Universal Design vs. Inclusive Design
When one thinks about altering a product/service for a certain condition or disability, it often causes dread as designers are afraid the impact will be minimal and costly. However, principles of universal design benefit all as it results in a more usable product. While universal design focuses on maximum benefit for all, inclusive design is a way to target a specific user or population. The following sections will break down the distinctions between the two concepts and how each design strategy impacts accessibility.
In 1997, Ronald Mace led a team of designers, architects, and engineers to develop the 7 principles of universal design which maximizes the number of individuals that can utilize a product, service, or facility. These principles communicate a standard that can be applied to a variety of situations. The principles are as follows:
Principle 1: Equitable Use
Equitable Use suggests the design of a product should not change the purpose of development. In addition, the design should appeal to and meet the needs of a diverse group of individuals.
Principle 2: Flexibility in Use
Flexibility in Use is based on the ability to meet individual preferences and capabilities. The design should be adaptive to the user and allow accuracy and precision of use.
Principle 3: Simple and Intuitive Use
Simple and Intuitive Use means that a design should be easily understood regardless of the user’s concentration level, knowledge, etc. This principle suggests that a design should accommodate a variety of users by eliminating unnecessary complexity.
Principle 4: Perceptible Information
Perceptible Information means the design uses different displays (pictures, written, or verbal instructions) to communicate information. The directions are easily understood and compatible with users of different sensory levels.
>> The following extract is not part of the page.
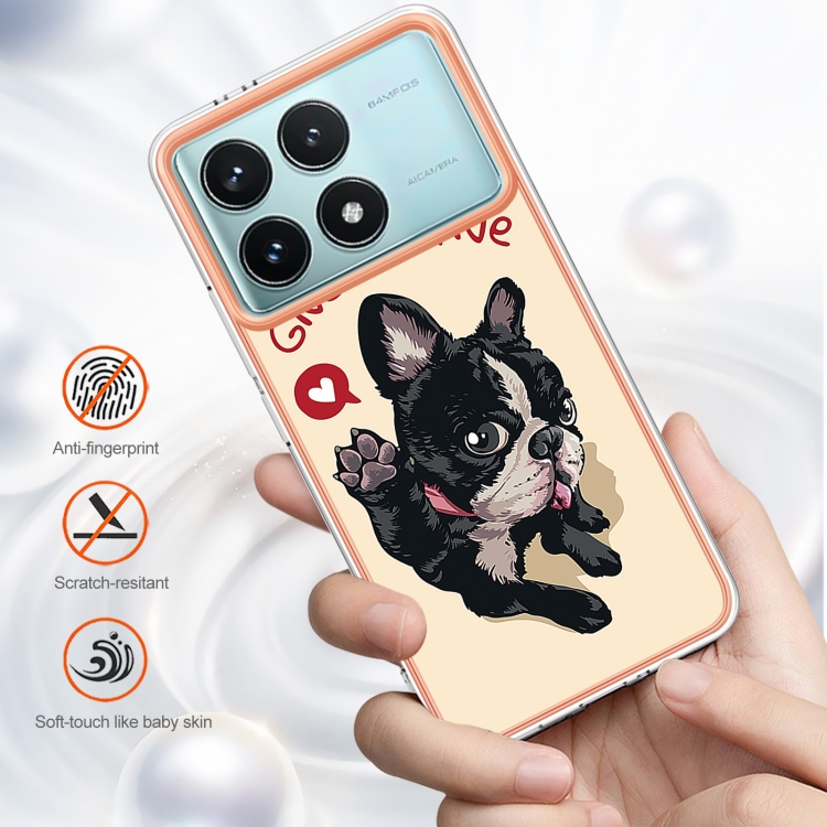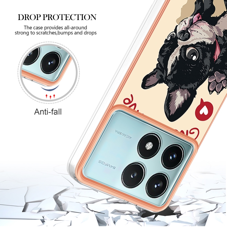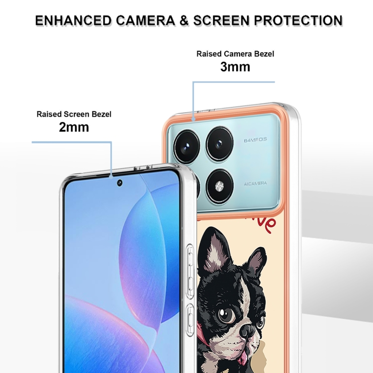 Funda para Teléfono con Imd de Doble Cara con Galvanoplastia de Mármol para Xiaomi Poco F6 Pro 5G (Perro de la Suerte)

Principle 5: Tolerance for Error
Tolerance for Error implies that the design minimizes accidents and harm. This can be accomplished by warnings, fail-safe features, and discouraging use for unintended purposes.
Principle 6: Low Physical Effort
Low Physical Effort focuses on minimizing physical exertion and fatigue. The product should be able to be operated in a neutral and relaxed body position with minimum effort.
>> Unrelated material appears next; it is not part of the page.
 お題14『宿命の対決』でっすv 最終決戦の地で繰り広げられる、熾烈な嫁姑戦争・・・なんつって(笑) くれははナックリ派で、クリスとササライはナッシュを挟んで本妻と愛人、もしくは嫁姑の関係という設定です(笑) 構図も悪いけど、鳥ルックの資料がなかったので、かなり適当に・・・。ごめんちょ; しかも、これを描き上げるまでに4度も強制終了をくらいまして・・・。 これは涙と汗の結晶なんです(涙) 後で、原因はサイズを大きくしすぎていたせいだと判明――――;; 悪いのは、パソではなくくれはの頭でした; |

Principle 7: Size and Space for Approach and Use
Size and Space focuses on the adequate use of real estate to manipulate and utilize the product. This can be represented by a variety in grips used, the appropriate height for seated and standing users, and space for devices to maneuver.
Examples of Universal Design
Many things we encounter daily are the product of universal design and accessibility concerns. For example, one of the most well-known universal design products is the curb cut/sidewalk ramp.
Originally developed for those with physical and visual impairments, curb cuts provide accessibility for individuals pushing a stroller, bicyclists, and those rolling a suitcase. In thinking about accessibility, the invention of the curb cut created a benefit to the general population by eliminating the hassle of stepping off the sidewalk. Another example of universal design is texting. In 1964, Robert Weitbrecht, astronomer, licensed ham radio operator, and physicist, developed the Text Telephone (TTY) for deaf individuals to type and send messages over several communication methods. With the development of the internet and cell phones, this process evolved into a tool that is used by almost everyone - texting. It is hard to imagine a society that is not dependent on a process originally developed for the deaf community.
While universal design is focused on a single solution that can maximize usage for the majority of individuals, inclusive design is concerned with user-specific optimization. This means a product is designed for a specific condition, diagnosis, or need. Inclusive design can look like braille or large print menus that are designed for the inclusion of those with visual impairments. Another example of inclusive design is a card holder that allows an individual with fine motor control issues to hold and move cards while playing card games. While these products are specifically geared towards a certain condition, it allows an individual with a disability to engage with others in a social setting. The creation of these devices provides support and security to the users.
In thinking about the design of a product or architectural structure, the inclusion of those with disabilities should be a primary concern. As previously demonstrated, thinking about accessibility and inclusion benefits the vast majority of the population. It is important to understand that a disability can occur at any stage in life and while the design of a product or structure may not affect you now, it can at a later time. Striving to create an inclusive environment can mean the world to someone who has experienced exclusion based on architectural barriers. The simplest changes can have the greatest impact.